What sort of climate control setup does the warehouse have, if any?

None, but is surrounded on 3 sides by other tenants, has insulated partitions between tenants and an insulated ceiling, and its only exterior wall faces east. I honestly thought we might have to add something in there for it to be bearable in the summer but it has yet to meet or exceed outside temps even on the hottest day, which has been nice. I can't imagine it's cheap to condition 2000sqft of 24ft high warehouse.

angryrobots posted:

Could you measure the air temperature while it's running, at the return and at a couple supply vents, say the one closest and the one farthest away from the air handler?

I've seen HVAC guys with those really fast refreshing thermomoter probe things. I unfortunately can't think of anything I own that has this capability. I have an analogue meat thermometer I'd have to duck tape to the vent for 20 minutes to get a reading? :D



What is a reasonable price to pay for having this system checked over by someone independent of the landlord? I don't mind putting some money into it if it's gonna save me paying to run it 18 hours a day just to maintain fairly modest setpoints in such a small space. I ask because I feel like the guys I've hired in the past when the system at my house broke charged me well more than was reasonable just for the initial visit. Don't want to get ripped off again.

angryrobots
Mar 31, 2005

I'd just call around and see what a service call costs, although they may sell a "tune- up" special, which usually includes cleaning the coils and some other stuff.

Cost is very dependent on area, but I think a service call is gonna be about $100.

kid sinister
Nov 16, 2002

JimbobDobalina posted:

The arsehole previous owner of my house had an ac installed some years ago, and left the drain pipe coming out underneath the floor of an outbuilding, consequently rotting out the floor structure from having untreated wood sitting in standing water.
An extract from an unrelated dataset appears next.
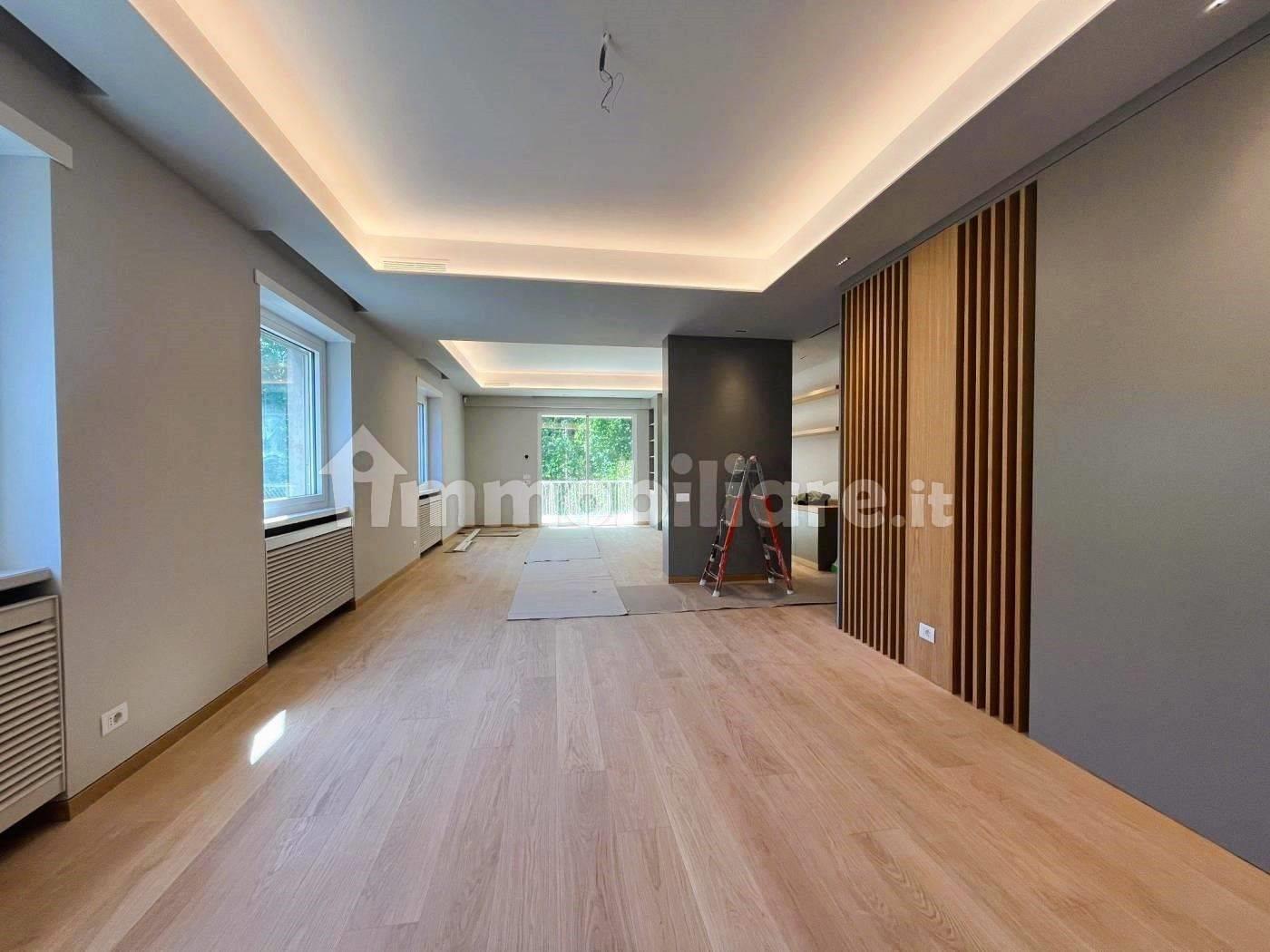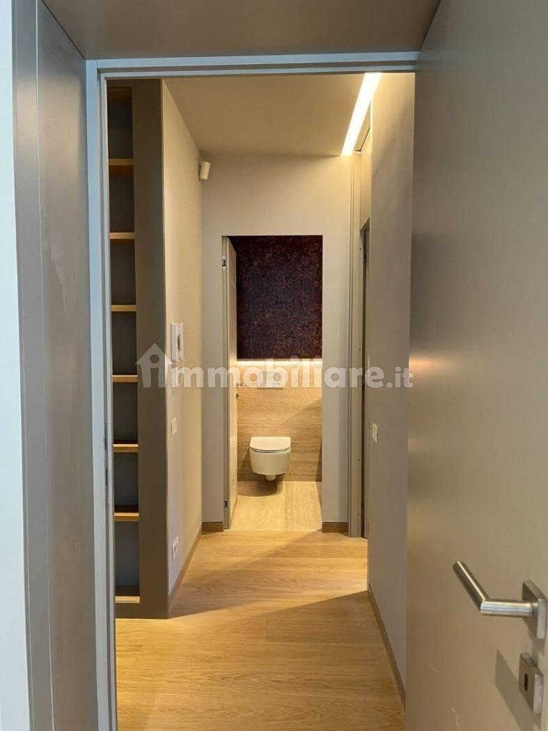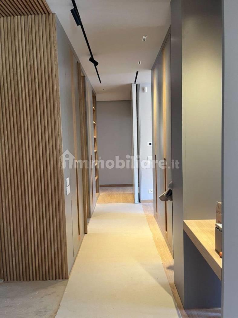 L’immobile ha una superficie interna di mq. 170 oltre ad un terrazzo di mq. 20 ed è composto da: ingresso con salone doppio e zona pranzo, luminosa cucina arredata con mobili di falegnameria, armadio lavanderia, top in Laminam bianco ed elettrodomestici di alta gamma e a basso consumo. Nella zona notte troviamo una suite padronale parzialmente arredata con armadi, cassettiera, scrivania e libreria di falegnameria, un ampio bagno, una stanza da letto con bagno en suite ed un bagno per gli ospiti. Dalla cucina si accede ad un'ulteriore camera con bagno di servizio. L’appartamento è dotato di riscaldamento autonomo, impianto di climatizzazione, impianto antintrusione, infissi Finstral.

I've torn down the lovely outbuilding, and am planning on building a concrete patio area in its place. Right now, the drain is dripping onto the dirt where the building was, and there is enough water coming out to leave a 2 sq ft puddle by the end of the day. I don't really want this much water dripping onto the concrete I plan to lay, but my yard is also sloped such that the outlet would be below ground level if I was to extend it out beyond the pad.
Any ideas for a better drain?
I don't really want to relocate it completely because the side of my house where it is now will be pretty well all patio, and the other side is a no go because of the grade.

Some ideas:
Do you have a floor drain to run it to instead?

Would it be possible to turn the corner outside and follow the wall?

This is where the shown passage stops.